The telecom sale immediately became a milestone in the development of local retail stock trading, as "sophisticated investors who really understood the market" combined with first-time investors "opening their eyes" to generate a bonanza, says Mr Motusic.
Buyers purchased shares from the state at 265 kuna each and then watched as the price jumped to 419 kuna on the first day of public trading. The price soon settled closer to 380 kuna - still an overnight gain of 43 per cent.
For many who bought shares with borrowed money, payback was therefore quick and easy.
Yet here controversy creeps in. Critics of the T-HT sale quickly questioned the initial share price set by Croatia's government. "Telecommunism," squawked the Feral Tribune, a weekly newspaper, portraying the IPO as a thinly-disguised cash handout from the governing Croatian Democratic Union in advance of parliamentary elections.
Indeed, government ministers had transparently promoted the sale beforehand, as an opportunity for a "good experience" akin to the INA sell-off 11 months ago, in which citizen buyers also made a tidy overnight profit.
Yet whatever the T-HT sale's political dynamics, Mr Motusic argues against seeing it primarily in these terms.
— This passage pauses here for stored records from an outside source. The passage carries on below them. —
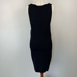 Stylish and flattering stretch fit midi dress by max studio measuring 16 inches armpit to armpit laying flat, 15 inches at the waist, and 38 inches and length of the shoulder to the hem.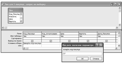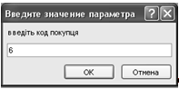 вибірки - параметр запиту. Вводиться код покупця (рис. 6.34), а потім видається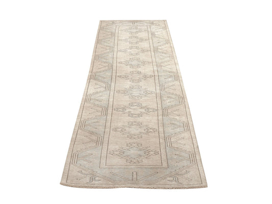 Vintage Handmade Runner Rug, Turkish Unique Runner Rug, Neutral Muted Rug, Hallway Runner, Kilim Runner, Runner Rug 3x10, Rug Runner, 12223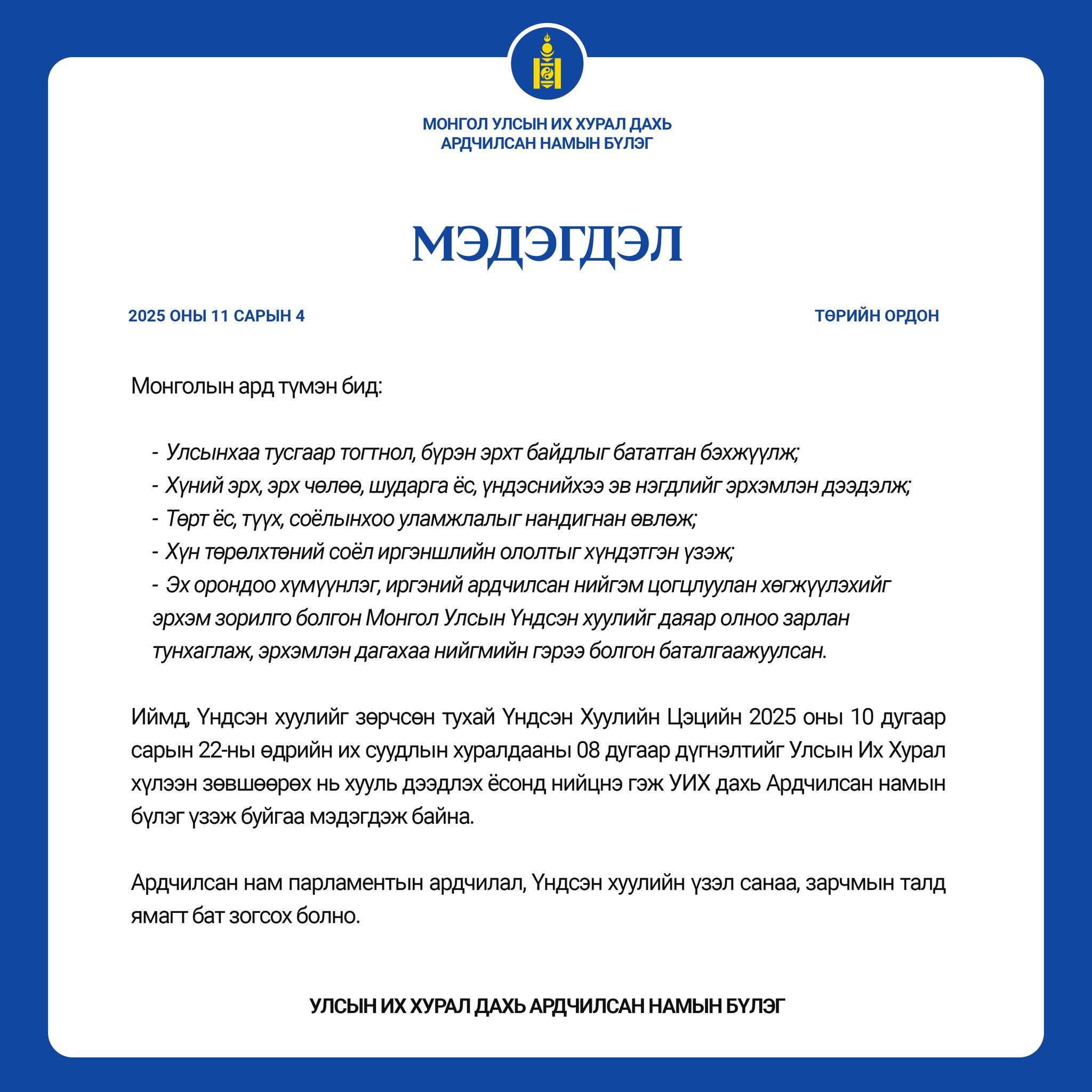 Иймд, Үндсэн хуулийг зөрчсөн тухай Үндсэн Хуулийн Цэцийн 2025 оны 10 дугаар сарын 22-ны өдрийн их суудлын хуралдааны 08 дугаар дүгнэлтийг Улсын Их Хурал хүлээн зөвшөөрөх нь хууль дээдлэх ёсонд нийцнэ гэж УИХ дахь Ардчилсан намын бүлэг үзэж буйгаа мэдэгдэж байна. Ардчилсан нам парламентын ардчилал, Үндсэн хуулийн үзэл санаа, зарчмын талд ямагт бат зогсох болно" гэжээ.

At a time when some local political leaders still mutter Marxist misgivings about private investors in stocks and shares, calling them "crooks" and "speculators", he says the current HDZ-led government is the first in Croatia's post-communist era to back the ZSE enthusiastically. "How can I say I am not happy with that?" he adds.
Capital market growth is restrained by central bank rules on commercial credit growth. Alarmed when domestic credit expanded by 24.7 per cent last year, central bankers this year require lenders to place substantial deposits with the bank, for any money lent in excess of 12 per cent growth this year.
Bankers grumble about this intervention, but Mr Motusic says it is helping to shift demand to the ZSE.
"If you have such a restrictive monetary policy and such a hunger for new projects, such a booming real estate market and other sectors, then it is just a question of time when some other type of capital will start seeking ways to invest. It can only be done through venture capital or through the capital market. This really gives a push to our development," he says.
Public share offerings are therefore increasingly common, alongside the privatisation of state-owned companies. Meanwhile, the growing base of active buyers - in contrast to the one-off buyers of INA or T-HT shares - makes the market more liquid.
"Five years ago we had 5,000 to 10,000 Croatian households actively investing in stocks. After INA, it was about 35,000. Now it could be 100,000," Mr Motusic says.